Regression toward the mean[1][2], also called reversion to the mean,[3] is a principle in statistics that states that if a pair of independent measurements are made from the same distribution, samples far from the mean on the first measurement will tend to be closer to the mean on the second one. Moreover, the farther from the mean on the first measurement, the stronger the effect is. Random variance affects the measurement of any variable: this random variance will cause some samples to be extreme. For the second measurement, these samples will appear to regress because the random variance affecting the samples in the second measurement is independent of the random variance affecting the first. Thus, regression toward the mean is a mathematical inevitability: any measurement of any variable that is affected by random variance must show regression to the mean.

For example, if you give a class of students a test on two successive days, the worst performers on the first day will tend to improve their scores on the second day, and the best performers on the first day will tend to do worse on the second day. The phenomenon occurs because each sample is affected by random variance. Student scores are determined in part by underlying ability and in part by purely stochastic, unpredictable chance. For the first test, some will be lucky, and score more than their ability, and some will be unlucky and score less than their ability. Some of the lucky students on the first test will be lucky again on the second test, but more of them will have (for them) average or below average scores. Therefore a student who was lucky on the first test is more likely to have a worse score on the second test than a better score. Similarly, students who score less than the mean on the first test will tend to see their scores increase for the second test.

The magnitude of regression toward the mean depends on the ratio of error variance over the total variance within the sample. If a measurement is determined largely by random chance, then regression to the mean will be very large. If measurement is determined largely by known factors, regression to the mean will be less. In one extreme case, where all individuals are identical and all differences are caused by measurement error, there will be 100% regression toward the mean. If we ask 10,000 people to flip a fair coin ten times, the people who flipped ten heads the first time are expected to get five heads on a repeat experiment, the same as the people who flipped zero heads the first time. In the other extreme of perfect measurement, there is not any regression toward the mean. We expect the second measurement will be the same as the first.

Contents

[edit] History

The concept of regression comes from genetics and was popularized by Sir Francis Galton during the late 19th century with the publication of Regression Towards Mediocrity in Hereditary Stature. Galton observed that extreme characteristics (e.g., height) in parents are not passed on completely to their offspring. Rather, the characteristic in the offspring regress towards a mediocre point (a point which has since been identified as the mean). By measuring the heights of hundreds of people, he was able to quantify regression to the mean, and estimate the size of the effect. Galton wrote that, "the average regression of the offspring is a constant fraction of their respective mid-parental deviations." This means that the difference between a child and its parents for some characteristic is proportional to its parents deviation from typical people in the population. So if its parents are each two inches taller than the averages for men and women, on average it will be shorter than its parents by some factor (which, today, we would call one minus the regression coefficient) times two inches. For height, Galton estimated this correlation coefficient to be about 2/3: the height of an individual will measure around a mid-point that is 2/3rds of the parents deviation.
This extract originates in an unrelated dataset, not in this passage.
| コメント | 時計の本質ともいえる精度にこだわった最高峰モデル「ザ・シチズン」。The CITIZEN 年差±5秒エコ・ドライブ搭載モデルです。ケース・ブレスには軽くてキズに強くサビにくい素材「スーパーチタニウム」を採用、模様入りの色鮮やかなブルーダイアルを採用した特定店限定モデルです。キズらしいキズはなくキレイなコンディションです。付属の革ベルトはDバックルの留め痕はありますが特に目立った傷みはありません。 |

Although Galton popularized the concept of regression, he fundamentally misunderstood the phenomenon; thus, his understanding of regression differs from that of modern statisticians.[citation needed] Galton was correct in his observation that the characteristics of an individual are not determined completely by their parents; there must be another source. However, he explains this by arguing that, "A child inherits partly from his parents, partly from his ancestors. Speaking generally, the further his genealogy goes back, the more numerous and varied will his ancestry become, until they cease to differ from any equally numerous sample taken at haphazard from the race at large."[4] In other words, Galton believed that regression toward the mean was simply an inheritance of characteristics from ancestors that are not expressed in the parents: he did not understand regression to the mean as a statistical phenomenon. In contrast to this view, it is now known that regression toward the mean is a mathematical inevitability: if there is any random variance between the height of an individual and parents - if the correlation is not exactly equal to 1 - then the predictions must regress to the mean regardless of the underlying mechanisms of inheritance, race or culture. Thus, Galton was attributing random variance in height to the ancestry of the individual.

[edit] Why it matters

The most important reason to care about regression toward the mean is in the design of experiments.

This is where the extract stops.